[Items listed in a dataset]
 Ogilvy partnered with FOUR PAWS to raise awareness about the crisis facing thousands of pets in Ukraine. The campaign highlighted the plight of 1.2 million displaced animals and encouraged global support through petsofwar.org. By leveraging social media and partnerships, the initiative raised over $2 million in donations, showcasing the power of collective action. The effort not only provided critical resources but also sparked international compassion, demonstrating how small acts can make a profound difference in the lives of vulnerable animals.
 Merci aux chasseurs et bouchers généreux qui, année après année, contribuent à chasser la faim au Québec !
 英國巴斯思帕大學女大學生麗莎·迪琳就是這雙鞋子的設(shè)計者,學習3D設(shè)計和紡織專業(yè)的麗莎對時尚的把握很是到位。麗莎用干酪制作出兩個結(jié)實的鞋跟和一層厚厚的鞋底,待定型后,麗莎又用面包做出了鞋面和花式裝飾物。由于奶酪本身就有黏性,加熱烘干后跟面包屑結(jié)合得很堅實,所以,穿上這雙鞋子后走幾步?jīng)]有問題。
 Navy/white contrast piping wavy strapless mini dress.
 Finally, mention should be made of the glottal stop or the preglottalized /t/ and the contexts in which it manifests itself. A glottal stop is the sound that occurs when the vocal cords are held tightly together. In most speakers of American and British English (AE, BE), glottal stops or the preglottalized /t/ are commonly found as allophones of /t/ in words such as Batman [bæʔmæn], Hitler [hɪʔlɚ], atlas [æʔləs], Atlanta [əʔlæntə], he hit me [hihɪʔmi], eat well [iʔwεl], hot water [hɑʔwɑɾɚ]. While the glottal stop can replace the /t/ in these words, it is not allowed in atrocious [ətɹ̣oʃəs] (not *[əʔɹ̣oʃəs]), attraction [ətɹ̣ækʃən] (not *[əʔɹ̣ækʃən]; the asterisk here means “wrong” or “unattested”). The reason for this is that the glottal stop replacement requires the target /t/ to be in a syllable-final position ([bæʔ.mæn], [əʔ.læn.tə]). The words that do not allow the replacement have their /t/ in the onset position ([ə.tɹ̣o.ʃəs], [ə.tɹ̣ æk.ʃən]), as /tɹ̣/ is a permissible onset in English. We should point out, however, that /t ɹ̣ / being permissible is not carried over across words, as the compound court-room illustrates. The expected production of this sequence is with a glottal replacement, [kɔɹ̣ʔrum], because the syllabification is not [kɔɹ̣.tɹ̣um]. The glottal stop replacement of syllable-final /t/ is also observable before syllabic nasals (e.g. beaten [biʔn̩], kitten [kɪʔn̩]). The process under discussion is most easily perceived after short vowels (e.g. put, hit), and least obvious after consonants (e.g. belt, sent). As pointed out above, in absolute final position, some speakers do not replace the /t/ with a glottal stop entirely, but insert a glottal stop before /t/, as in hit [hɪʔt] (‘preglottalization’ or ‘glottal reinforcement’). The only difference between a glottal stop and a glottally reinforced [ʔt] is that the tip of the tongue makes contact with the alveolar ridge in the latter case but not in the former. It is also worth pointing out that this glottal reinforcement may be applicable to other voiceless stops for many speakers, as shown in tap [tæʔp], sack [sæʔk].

◆ **EXERCISE DETAILS**
Could you restate every record above word for word?

◆ **TASK SOLUTION**
 Ogilvy partnered with FOUR PAWS to raise awareness about the crisis facing thousands of pets in Ukraine. The campaign highlighted the plight of 1.2 million displaced animals and encouraged global support through petsofwar.org. By leveraging social media and partnerships, the initiative raised over $2 million in donations, showcasing the power of collective action. The effort not only provided critical resources but also sparked international compassion, demonstrating how small acts can make a profound difference in the lives of vulnerable animals.
 Merci aux chasseurs et bouchers généreux qui, année après année, contribuent à chasser la faim au Québec !
 英國巴斯思帕大學女大學生麗莎·迪琳就是這雙鞋子的設(shè)計者,學習3D設(shè)計和紡織專業(yè)的麗莎對時尚的把握很是到位。麗莎用干酪制作出兩個結(jié)實的鞋跟和一層厚厚的鞋底,待定型后,麗莎又用面包做出了鞋面和花式裝飾物。由于奶酪本身就有黏性,加熱烘干后跟面包屑結(jié)合得很堅實,所以,穿上這雙鞋子后走幾步?jīng)]有問題。
 Navy/white contrast piping wavy strapless mini dress.
 Finally, mention should be made of the glottal stop or the preglottalized /t/ and the contexts in which it manifests itself. A glottal stop is the sound that occurs when the vocal cords are held tightly together. In most speakers of American and British English (AE, BE), glottal stops or the preglottalized /t/ are commonly found as allophones of /t/ in words such as Batman [bæʔmæn], Hitler [hɪʔlɚ], atlas [æʔləs], Atlanta [əʔlæntə], he hit me [hihɪʔmi], eat well [iʔwεl], hot water [hɑʔwɑɾɚ]. While the glottal stop can replace the /t/ in these words, it is not allowed in atrocious [ətɹ̣oʃəs] (not *[əʔɹ̣oʃəs]), attraction [ətɹ̣ækʃən] (not *[əʔɹ̣ækʃən]; the asterisk here means “wrong” or “unattested”). The reason for this is that the glottal stop replacement requires the target /t/ to be in a syllable-final position ([bæʔ.mæn], [əʔ.læn.tə]). The words that do not allow the replacement have their /t/ in the onset position ([ə.tɹ̣o.ʃəs], [ə.tɹ̣ æk.ʃən]), as /tɹ̣/ is a permissible onset in English. We should point out, however, that /t ɹ̣ / being permissible is not carried over across words, as the compound court-room illustrates. The expected production of this sequence is with a glottal replacement, [kɔɹ̣ʔrum], because the syllabification is not [kɔɹ̣.tɹ̣um]. The glottal stop replacement of syllable-final /t/ is also observable before syllabic nasals (e.g. beaten [biʔn̩], kitten [kɪʔn̩]). The process under discussion is most easily perceived after short vowels (e.g. put, hit), and least obvious after consonants (e.g. belt, sent). As pointed out above, in absolute final position, some speakers do not replace the /t/ with a glottal stop entirely, but insert a glottal stop before /t/, as in hit [hɪʔt] (‘preglottalization’ or ‘glottal reinforcement’). The only difference between a glottal stop and a glottally reinforced [ʔt] is that the tip of the tongue makes contact with the alveolar ridge in the latter case but not in the former. It is also worth pointing out that this glottal reinforcement may be applicable to other voiceless stops for many speakers, as shown in tap [tæʔp], sack [sæʔk].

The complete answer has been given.